I'm working right now at a place that (for a long list of reasons) does very poorly at acknowledging people -- birthdays, promotions, etc, just aren't celebrated and the results on morale are tangible. Working here has made me go from being opposed to those things as irritating to seeing the value (again, if done right).
posted by Dip Flash at 6:16 AM on February 10, 2015


The only people who know my birthday around here is HR. Is this birthday celebration crap an American thing?
posted by brokkr at 7:49 AM on February 11, 2015


In my office, the tradition is that you bring in a treat for the office on your own birthday. There's nothing making you do it, and I don't think anyone would ever notice if you didn't. It doesn't particularly bother me, and I haven't noticed any gender differences in how people participate. I generally am not a huge fan of enforced office social stuff, but the birthday thing is basically just that you go to the breakroom and get some cake or bread and cheese, and then when you see the person you can wish them a happy birthday. Honestly, I find the holiday parties (plural, because that's how we roll around here) more annoying.
posted by ArbitraryAndCapricious at 10:18 AM on February 11, 2015 [1 favorite]
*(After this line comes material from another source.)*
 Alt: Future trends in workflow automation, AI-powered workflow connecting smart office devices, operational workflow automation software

> Is this birthday celebration crap an American thing?

Hugely variable. Some places make them a thing, some don't. Some places make them office-wide, some are team/department-only.
posted by rtha at 10:46 AM on February 11, 2015


Is this birthday celebration crap an American thing?

Not exclusively. In one of my workplaces there's a list of birthdays on the fridge in the kitchen. When your special day rolls around there's a card that everyone signs, at some point in the day you're summoned to the main office where everyone watches as you're presented with a cake - with candles you have to blow out - as they play a song that you like. You then cut the cake and give everyone a piece. It is hell.
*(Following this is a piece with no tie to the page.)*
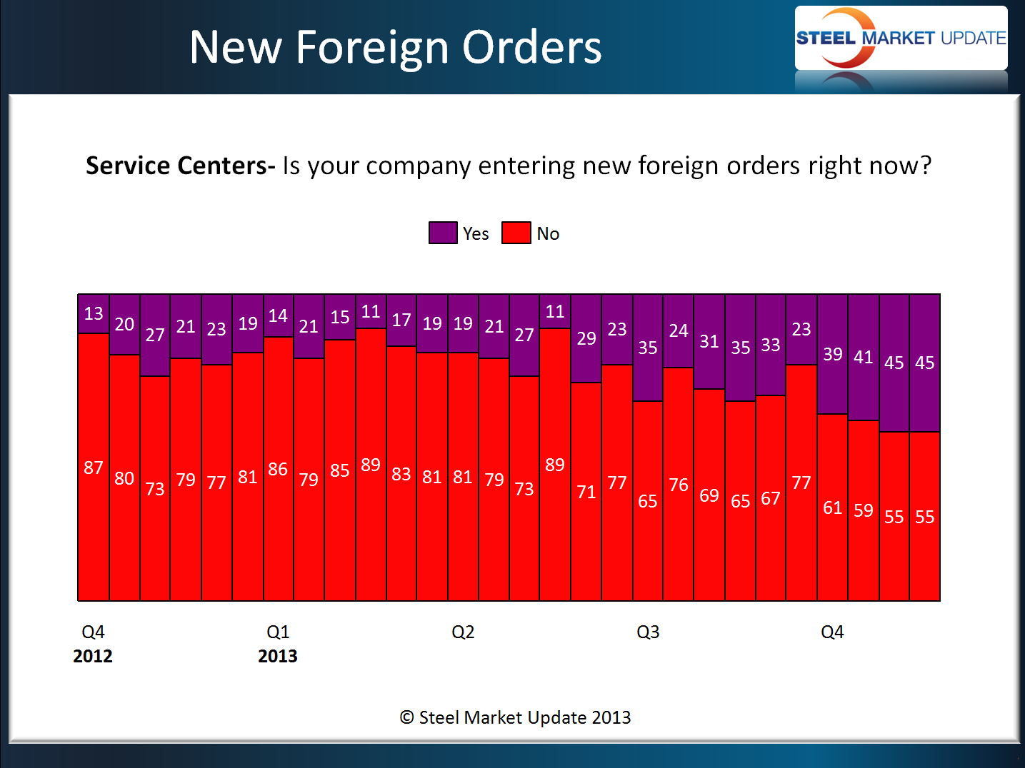 The service center data we have been collecting was even more dramatic than that of the manufacturers. We have seen a clear and growing trend toward placing foreign orders. During the 4th Quarter 2012 the percentage of distributors reporting to SMU that their company was placing foreign orders was 21 percent. The trend continued, with high teens to low 20’s percent levels being reported until we reached late second quarter 2013. From that point the percentages have been steadily increasing, with the last two surveys indicating 45 percent of the service centers reporting they were placing at least some tons in the foreign market.

(And fwiw the person who checks the list and buys the card and cake is a man)
posted by billiebee at 12:16 PM on February 11, 2015


as they play a song that you like.

oh man, I would have a really good time with this.
posted by desjardins at 7:12 PM on February 11, 2015


billiebee: "In one of my workplaces there's a list of birthdays on the fridge in the kitchen. When your special day rolls around there's a card that everyone signs, at some point in the day you're summoned to the main office where everyone watches as you're presented with a cake - with candles you have to blow out - as they play a song that you like. You then cut the cake and give everyone a piece. It is hell."
Jeesus fucking christ, that's torture.